Your goal:
Where a picture appears, skip it and copy everything else in the listing exactly.

Source material Block Start

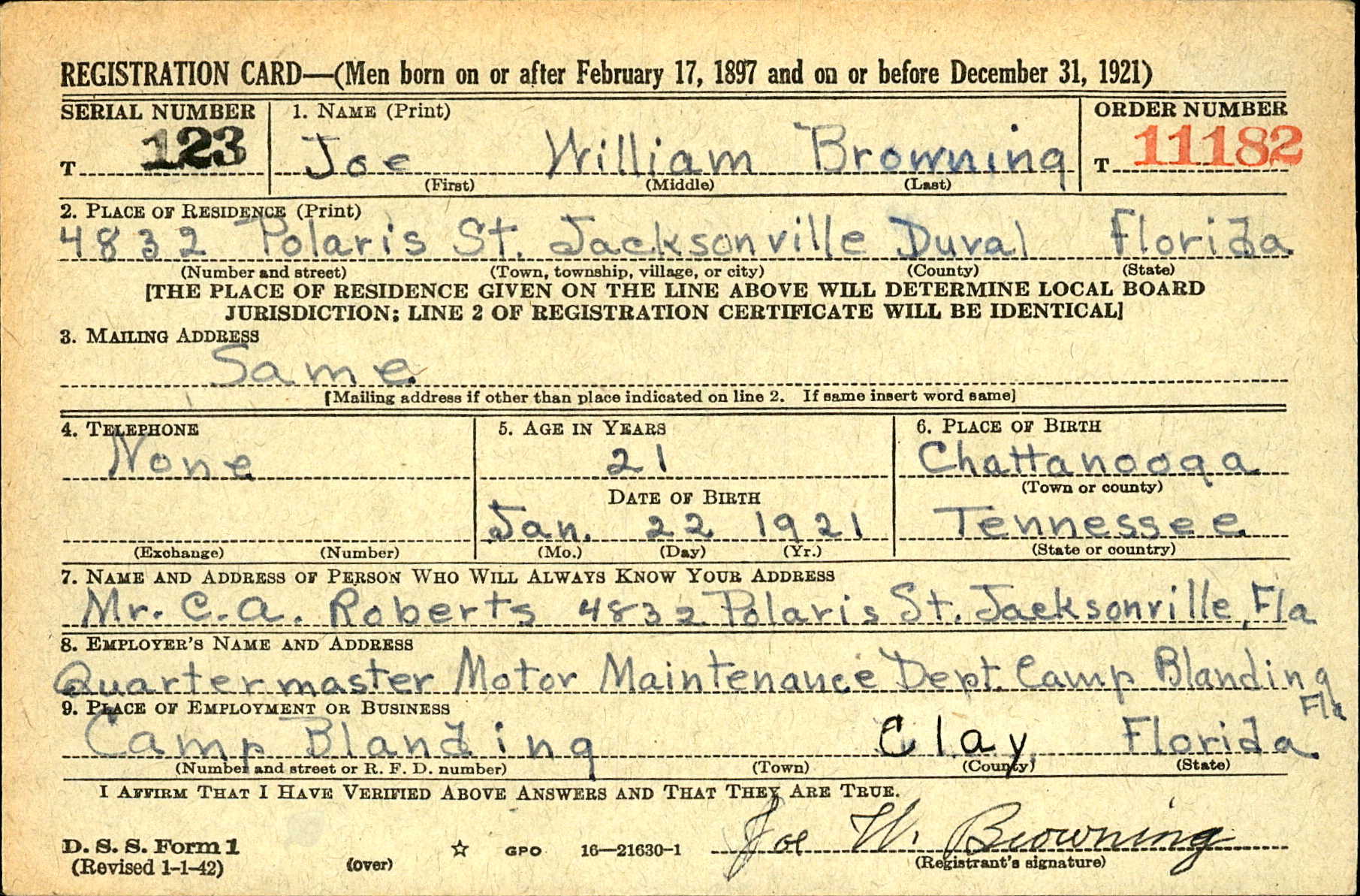 Joe William Browning was born in Chattanooga, the son of Joe H. “Judd” Browning and Elma Cooper. He was married to Dorothy Geraldine Julian. Father of Cynthia Marie and Joe William Browning.
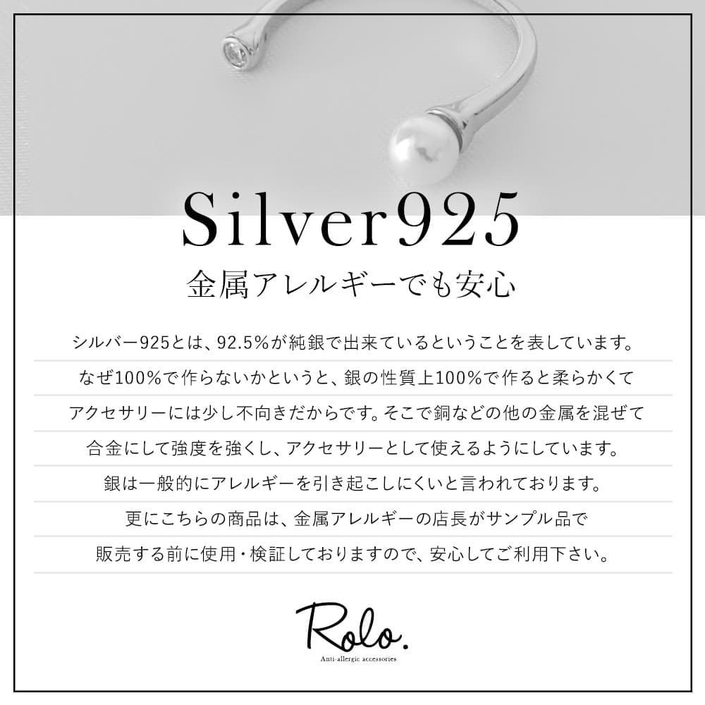 シルバー925 とは、92.5%が純銀で出来ていることを指します。銀は金属アレルギーになりにくい素材で、とても柔らかい金属のため残り7.5%に主に銅を使うことでアクセサリーとして使えるよう硬くしています。
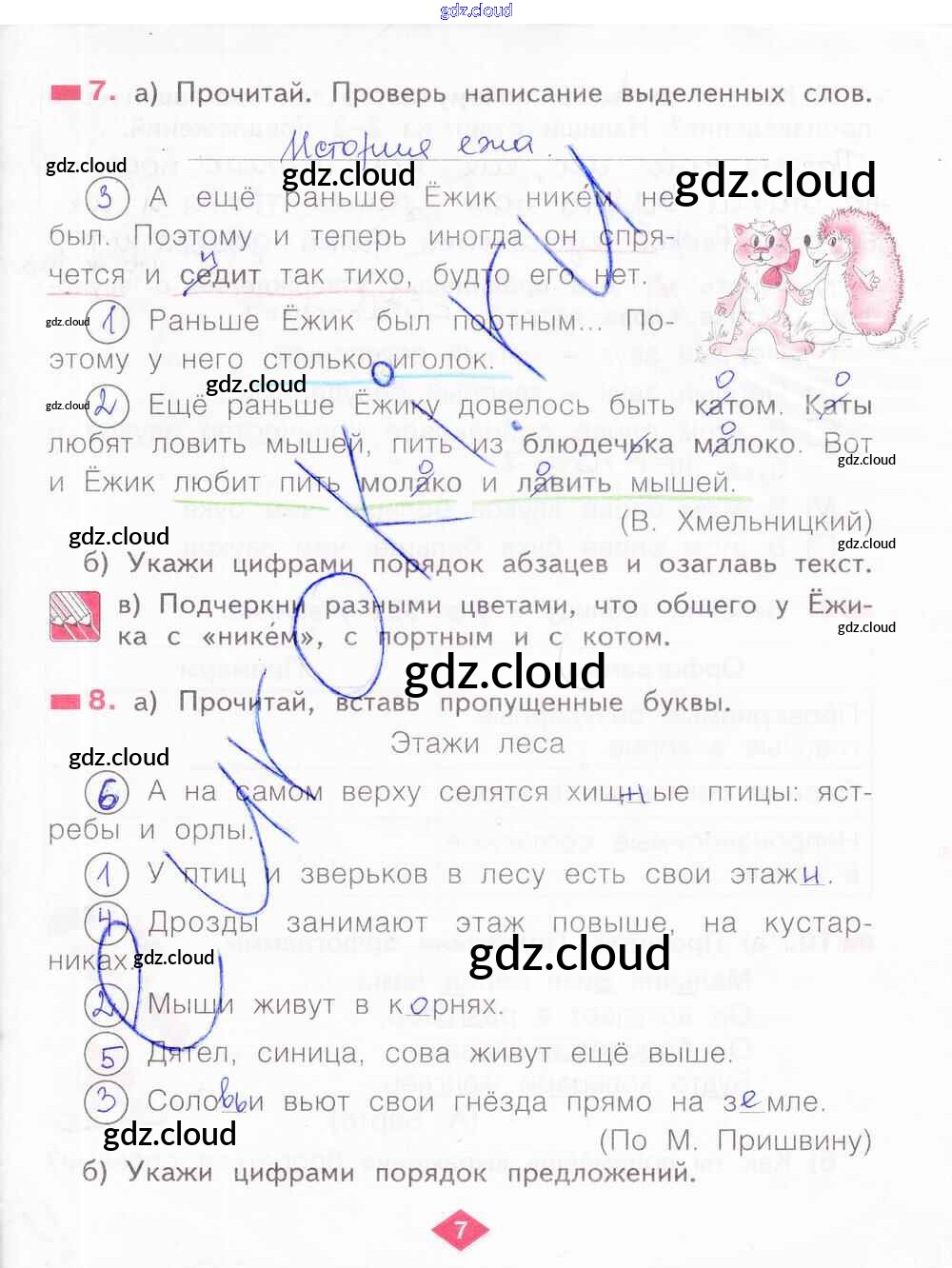 Ответ на задание 7 Рабочая тетрадь Русский язык за 2 (второй) класс Яковлева 2015 Часть 1, 2, 3, 4

Source material Block End

Task result:
 Joe William Browning was born in Chattanooga, the son of Joe H. “Judd” Browning and Elma Cooper. He was married to Dorothy Geraldine Julian. Father of Cynthia Marie and Joe William Browning.
 シルバー925 とは、92.5%が純銀で出来ていることを指します。銀は金属アレルギーになりにくい素材で、とても柔らかい金属のため残り7.5%に主に銅を使うことでアクセサリーとして使えるよう硬くしています。
 Ответ на задание 7 Рабочая тетрадь Русский язык за 2 (второй) класс Яковлева 2015 Часть 1, 2, 3, 4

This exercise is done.